__WHAT IS BEING ASKED__
Keep only the lines from the top of the listing through the one with "КЛАССИФИКАЦИЯ ЧС ПО ПРОИСХОЖДЕНИЮ", and reproduce them unaltered.

++++++++

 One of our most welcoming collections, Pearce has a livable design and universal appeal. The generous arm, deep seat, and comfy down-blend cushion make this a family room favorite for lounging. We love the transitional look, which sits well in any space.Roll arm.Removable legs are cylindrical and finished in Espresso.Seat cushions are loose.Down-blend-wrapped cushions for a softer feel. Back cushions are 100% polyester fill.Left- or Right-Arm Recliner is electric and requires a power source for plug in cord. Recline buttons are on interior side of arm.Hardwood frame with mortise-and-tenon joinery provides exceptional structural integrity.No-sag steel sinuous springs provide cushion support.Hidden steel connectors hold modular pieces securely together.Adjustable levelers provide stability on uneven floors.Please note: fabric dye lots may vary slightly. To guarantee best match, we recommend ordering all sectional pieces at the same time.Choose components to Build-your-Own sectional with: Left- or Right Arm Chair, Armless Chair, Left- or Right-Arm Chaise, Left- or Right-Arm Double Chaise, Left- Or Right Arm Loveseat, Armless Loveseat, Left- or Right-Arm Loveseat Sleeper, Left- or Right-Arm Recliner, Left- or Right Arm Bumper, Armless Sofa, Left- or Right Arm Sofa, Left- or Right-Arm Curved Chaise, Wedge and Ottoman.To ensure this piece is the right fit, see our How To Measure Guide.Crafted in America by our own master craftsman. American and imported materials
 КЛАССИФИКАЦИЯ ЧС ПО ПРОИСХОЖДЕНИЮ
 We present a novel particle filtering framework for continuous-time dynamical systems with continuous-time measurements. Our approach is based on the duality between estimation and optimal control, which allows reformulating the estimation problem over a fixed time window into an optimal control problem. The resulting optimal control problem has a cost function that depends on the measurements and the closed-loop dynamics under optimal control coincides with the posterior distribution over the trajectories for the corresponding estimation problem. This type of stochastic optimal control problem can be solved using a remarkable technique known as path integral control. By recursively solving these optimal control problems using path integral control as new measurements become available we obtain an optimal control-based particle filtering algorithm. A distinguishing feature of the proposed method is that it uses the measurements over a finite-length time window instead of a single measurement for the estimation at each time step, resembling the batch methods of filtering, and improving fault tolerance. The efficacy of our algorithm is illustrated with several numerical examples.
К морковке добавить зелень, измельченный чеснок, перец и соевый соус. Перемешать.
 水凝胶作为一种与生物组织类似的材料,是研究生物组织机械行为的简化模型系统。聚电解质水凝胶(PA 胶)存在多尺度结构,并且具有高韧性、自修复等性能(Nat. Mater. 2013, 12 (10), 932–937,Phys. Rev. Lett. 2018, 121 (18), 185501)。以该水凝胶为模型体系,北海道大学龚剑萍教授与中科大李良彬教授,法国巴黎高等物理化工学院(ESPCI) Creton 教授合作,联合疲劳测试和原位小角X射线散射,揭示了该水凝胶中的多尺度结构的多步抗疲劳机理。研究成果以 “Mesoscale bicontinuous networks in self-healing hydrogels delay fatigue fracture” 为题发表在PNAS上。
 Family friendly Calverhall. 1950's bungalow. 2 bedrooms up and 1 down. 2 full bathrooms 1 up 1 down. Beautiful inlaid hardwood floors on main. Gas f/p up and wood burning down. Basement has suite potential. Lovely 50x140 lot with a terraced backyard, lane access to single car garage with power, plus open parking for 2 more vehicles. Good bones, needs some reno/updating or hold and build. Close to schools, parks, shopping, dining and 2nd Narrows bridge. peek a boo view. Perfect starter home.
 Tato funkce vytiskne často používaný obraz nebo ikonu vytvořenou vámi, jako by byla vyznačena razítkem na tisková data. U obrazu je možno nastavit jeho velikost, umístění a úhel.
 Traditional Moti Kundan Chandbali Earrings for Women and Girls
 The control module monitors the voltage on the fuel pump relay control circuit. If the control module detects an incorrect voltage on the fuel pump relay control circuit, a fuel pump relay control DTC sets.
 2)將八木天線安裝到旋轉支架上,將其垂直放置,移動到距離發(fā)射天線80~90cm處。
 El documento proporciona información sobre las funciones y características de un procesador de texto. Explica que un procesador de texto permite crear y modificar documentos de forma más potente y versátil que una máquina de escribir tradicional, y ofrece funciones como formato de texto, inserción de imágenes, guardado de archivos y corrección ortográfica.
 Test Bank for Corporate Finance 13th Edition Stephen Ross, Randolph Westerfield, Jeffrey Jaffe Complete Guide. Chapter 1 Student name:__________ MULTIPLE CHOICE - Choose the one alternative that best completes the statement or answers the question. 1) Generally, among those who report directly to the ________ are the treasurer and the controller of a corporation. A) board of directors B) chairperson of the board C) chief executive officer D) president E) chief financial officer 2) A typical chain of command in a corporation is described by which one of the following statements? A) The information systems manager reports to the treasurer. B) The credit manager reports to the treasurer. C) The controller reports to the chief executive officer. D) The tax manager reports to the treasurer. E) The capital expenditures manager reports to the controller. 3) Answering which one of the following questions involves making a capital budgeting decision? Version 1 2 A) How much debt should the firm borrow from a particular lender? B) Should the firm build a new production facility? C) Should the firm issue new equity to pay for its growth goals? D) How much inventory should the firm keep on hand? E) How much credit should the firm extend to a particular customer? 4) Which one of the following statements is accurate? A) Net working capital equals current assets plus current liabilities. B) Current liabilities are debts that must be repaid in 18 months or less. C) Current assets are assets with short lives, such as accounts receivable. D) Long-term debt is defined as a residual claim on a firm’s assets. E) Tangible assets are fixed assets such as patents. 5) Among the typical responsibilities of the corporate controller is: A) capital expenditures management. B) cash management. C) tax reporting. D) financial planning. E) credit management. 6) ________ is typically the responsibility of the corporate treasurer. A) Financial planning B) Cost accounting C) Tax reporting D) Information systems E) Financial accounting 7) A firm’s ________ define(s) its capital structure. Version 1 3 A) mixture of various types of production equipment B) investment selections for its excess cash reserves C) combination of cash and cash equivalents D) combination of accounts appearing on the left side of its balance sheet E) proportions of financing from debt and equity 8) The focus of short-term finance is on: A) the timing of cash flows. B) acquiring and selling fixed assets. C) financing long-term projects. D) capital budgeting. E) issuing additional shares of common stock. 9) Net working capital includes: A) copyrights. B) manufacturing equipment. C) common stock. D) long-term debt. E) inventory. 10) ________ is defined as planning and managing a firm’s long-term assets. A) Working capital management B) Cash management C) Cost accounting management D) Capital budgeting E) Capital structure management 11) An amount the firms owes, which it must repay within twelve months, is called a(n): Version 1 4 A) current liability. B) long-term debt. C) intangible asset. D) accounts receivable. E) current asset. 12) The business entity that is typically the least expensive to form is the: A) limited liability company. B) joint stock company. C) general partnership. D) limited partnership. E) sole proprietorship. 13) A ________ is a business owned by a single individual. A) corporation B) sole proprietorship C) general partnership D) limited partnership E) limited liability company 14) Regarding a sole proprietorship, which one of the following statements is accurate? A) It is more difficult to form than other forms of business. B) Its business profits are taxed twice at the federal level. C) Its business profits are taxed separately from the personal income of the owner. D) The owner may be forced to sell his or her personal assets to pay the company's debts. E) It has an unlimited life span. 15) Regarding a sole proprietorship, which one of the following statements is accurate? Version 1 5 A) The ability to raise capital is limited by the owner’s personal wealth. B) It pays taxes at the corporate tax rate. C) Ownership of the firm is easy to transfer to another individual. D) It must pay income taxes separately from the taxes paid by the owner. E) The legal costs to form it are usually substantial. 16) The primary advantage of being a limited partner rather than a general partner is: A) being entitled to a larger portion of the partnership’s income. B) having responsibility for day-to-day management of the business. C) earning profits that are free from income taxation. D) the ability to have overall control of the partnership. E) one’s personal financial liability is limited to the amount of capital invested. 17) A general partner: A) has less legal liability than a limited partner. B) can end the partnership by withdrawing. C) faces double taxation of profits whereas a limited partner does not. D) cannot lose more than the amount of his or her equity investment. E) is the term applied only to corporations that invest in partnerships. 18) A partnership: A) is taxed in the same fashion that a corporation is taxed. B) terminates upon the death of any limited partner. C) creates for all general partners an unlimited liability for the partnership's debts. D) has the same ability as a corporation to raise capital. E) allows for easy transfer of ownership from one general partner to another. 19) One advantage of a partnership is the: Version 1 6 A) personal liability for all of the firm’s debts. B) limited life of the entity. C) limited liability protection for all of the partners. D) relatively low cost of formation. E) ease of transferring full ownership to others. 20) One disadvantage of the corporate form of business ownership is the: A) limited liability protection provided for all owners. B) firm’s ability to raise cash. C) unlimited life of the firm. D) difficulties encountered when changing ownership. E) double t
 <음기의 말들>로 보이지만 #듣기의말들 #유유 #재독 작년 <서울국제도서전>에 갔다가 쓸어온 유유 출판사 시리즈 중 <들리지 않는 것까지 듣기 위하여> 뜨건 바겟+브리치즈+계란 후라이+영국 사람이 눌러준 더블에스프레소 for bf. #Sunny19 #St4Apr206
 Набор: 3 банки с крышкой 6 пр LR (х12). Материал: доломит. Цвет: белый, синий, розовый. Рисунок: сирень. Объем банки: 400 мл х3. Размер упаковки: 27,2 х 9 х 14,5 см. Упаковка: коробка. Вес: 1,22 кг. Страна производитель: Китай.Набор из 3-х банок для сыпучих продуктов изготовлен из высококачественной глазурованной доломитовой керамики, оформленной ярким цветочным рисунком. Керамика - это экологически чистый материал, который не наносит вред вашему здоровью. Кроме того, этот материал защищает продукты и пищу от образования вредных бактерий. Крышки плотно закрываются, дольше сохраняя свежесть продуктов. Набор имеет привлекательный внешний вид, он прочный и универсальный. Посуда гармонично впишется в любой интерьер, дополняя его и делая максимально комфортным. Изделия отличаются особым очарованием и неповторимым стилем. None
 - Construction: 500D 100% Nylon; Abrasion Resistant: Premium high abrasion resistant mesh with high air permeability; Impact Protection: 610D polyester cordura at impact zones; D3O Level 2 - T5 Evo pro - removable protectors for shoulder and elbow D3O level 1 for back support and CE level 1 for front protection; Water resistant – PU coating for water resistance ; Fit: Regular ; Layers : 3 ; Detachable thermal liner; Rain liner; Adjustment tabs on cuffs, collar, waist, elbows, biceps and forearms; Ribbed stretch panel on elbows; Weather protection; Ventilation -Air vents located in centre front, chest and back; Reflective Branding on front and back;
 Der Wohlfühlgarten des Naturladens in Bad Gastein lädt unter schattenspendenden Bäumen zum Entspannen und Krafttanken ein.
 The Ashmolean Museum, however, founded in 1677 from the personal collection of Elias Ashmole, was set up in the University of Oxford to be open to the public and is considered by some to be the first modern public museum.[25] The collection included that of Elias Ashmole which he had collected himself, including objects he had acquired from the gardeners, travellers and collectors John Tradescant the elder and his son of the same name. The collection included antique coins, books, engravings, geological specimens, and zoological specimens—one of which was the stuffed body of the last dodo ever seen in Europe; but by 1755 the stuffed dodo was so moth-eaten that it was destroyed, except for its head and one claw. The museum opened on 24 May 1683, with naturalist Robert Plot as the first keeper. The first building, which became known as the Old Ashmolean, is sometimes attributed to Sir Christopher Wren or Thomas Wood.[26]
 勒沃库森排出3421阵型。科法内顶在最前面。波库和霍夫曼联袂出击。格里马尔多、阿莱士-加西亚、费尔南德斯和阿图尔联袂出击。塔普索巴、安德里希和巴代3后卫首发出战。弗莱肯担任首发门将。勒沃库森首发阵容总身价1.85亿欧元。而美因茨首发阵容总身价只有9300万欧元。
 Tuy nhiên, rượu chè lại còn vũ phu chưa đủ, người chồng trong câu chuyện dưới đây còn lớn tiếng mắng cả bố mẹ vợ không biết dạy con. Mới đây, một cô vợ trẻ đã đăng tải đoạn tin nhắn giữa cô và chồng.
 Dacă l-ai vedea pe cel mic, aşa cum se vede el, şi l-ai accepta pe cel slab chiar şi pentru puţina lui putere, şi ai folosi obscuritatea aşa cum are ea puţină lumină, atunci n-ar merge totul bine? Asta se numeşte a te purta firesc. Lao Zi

++++++++

__OUTPUT FOR THIS EXERCISE__
 One of our most welcoming collections, Pearce has a livable design and universal appeal. The generous arm, deep seat, and comfy down-blend cushion make this a family room favorite for lounging. We love the transitional look, which sits well in any space.Roll arm.Removable legs are cylindrical and finished in Espresso.Seat cushions are loose.Down-blend-wrapped cushions for a softer feel. Back cushions are 100% polyester fill.Left- or Right-Arm Recliner is electric and requires a power source for plug in cord. Recline buttons are on interior side of arm.Hardwood frame with mortise-and-tenon joinery provides exceptional structural integrity.No-sag steel sinuous springs provide cushion support.Hidden steel connectors hold modular pieces securely together.Adjustable levelers provide stability on uneven floors.Please note: fabric dye lots may vary slightly. To guarantee best match, we recommend ordering all sectional pieces at the same time.Choose components to Build-your-Own sectional with: Left- or Right Arm Chair, Armless Chair, Left- or Right-Arm Chaise, Left- or Right-Arm Double Chaise, Left- Or Right Arm Loveseat, Armless Loveseat, Left- or Right-Arm Loveseat Sleeper, Left- or Right-Arm Recliner, Left- or Right Arm Bumper, Armless Sofa, Left- or Right Arm Sofa, Left- or Right-Arm Curved Chaise, Wedge and Ottoman.To ensure this piece is the right fit, see our How To Measure Guide.Crafted in America by our own master craftsman. American and imported materials
 КЛАССИФИКАЦИЯ ЧС ПО ПРОИСХОЖДЕНИЮ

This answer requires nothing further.